For students on campus who want to help veterans, Chirdo said there are opportunities to volunteer with the department and make A&M’s campus a welcoming place.
“There are a lot of different programs at the Veteran Resource and Support center, like the Aggie Shield textbook learning library. We have student groups and students, both military and non-military, that come together to run them,” Chirdo said. “We also do a Vet Camp, so when veterans do come into school, we bring together all of our resources to make sure they’re aware of them. This also allows students to volunteer and connect with veterans and, essentially, network.”

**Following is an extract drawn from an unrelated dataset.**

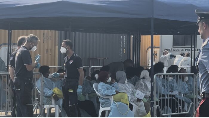 Occhi attenti anche da parte delle forze dell’ordine e soprattutto dei medici e degli uomini della croce rossa, dell’humanitas e di quanti hanno dovuto affrontare l’emergenza sanitaria con la dovuta cura e delicatezza, di cui Salerno è capace soprattutto in casi come questi. Ora per tutti i migranti che erano a bordo della SeaWatch sarà necessario un periodo di quarantena che potrebbe durare anche 21 giorni in un centro di accoglienza straordinaria ad Eboli che sarà presidiato dalle forze dell’ordine h24, con il supporto anche di militari dell’esercito. Per quanto riguarda invece le operazioni di soccorso avvenuto al largo delle coste vicine alla Tunisia, il comandante della capitaneria di porto di Salerno Giovanni Calvelli ha spiegato come sono avvenute e l’eventualità che la nave dopo un breve periodo potrà navigare in acque internazionali ma dovrà rispettare per 15 giorni il divieto di effettuare altre operazioni di soccorso. Nelle prossime ore saranno le forze dell’ordine e la polizia di stato ad accertare la presenza o meno di presunti scafisti a bordo che possano aver agevolato illegalmente la traversata a bordo di mezzi di fortuna. Quattro di questi sono stati recuperare in acqua, gli altri a bordo di un’imbarcazione di fortuna in legno. Tutti gli aspetti saranno chiariti nelle prossime ore. Intanto a spiegare la profilassi e la situazione sanitaria è stato il medico Luigi Buono che ha coordinato i soccorsi.

Accounting senior Robert Liu said he served in the Marine Corps at a base in Miramar, California, but after leaving, struggled to find a job in the accounting field.
“After I got out of the military, I was looking for an accounting job or any job in the business world and I quickly realized that I don’t really know the business language,” Liu said. “On top of that, I didn’t know how everything worked. I went through the Warrior-Scholar Project in 2018 and it gave me the confidence to apply for school.”
Some of the challenges Liu said he faced while applying for college were a lack of resources and the stigma around leaving the Marine Corps.
“We were told in a way that the Marine Corps is the greatest thing that you ever do, so if you leave the Marine Corps, it’s uphill from there,” Liu said. “There weren’t a lot of transitioning resources, so the Warrior Scholar Project provided that skill bridge from the military to academia.”
Liu said he now acts as a mentor to veterans in WSP bootcamps, including the A&M bootcamp, to assist veterans in achieving their academic goals.
“I’m here to help inspire all the veterans and military members and make them realize this is doable,” Liu said. “There are a lot of us in four-year institutions, Ivy league, or whatever school they want [to attend]. It’s all possible, so everything in the world that you want to do, you can do it.”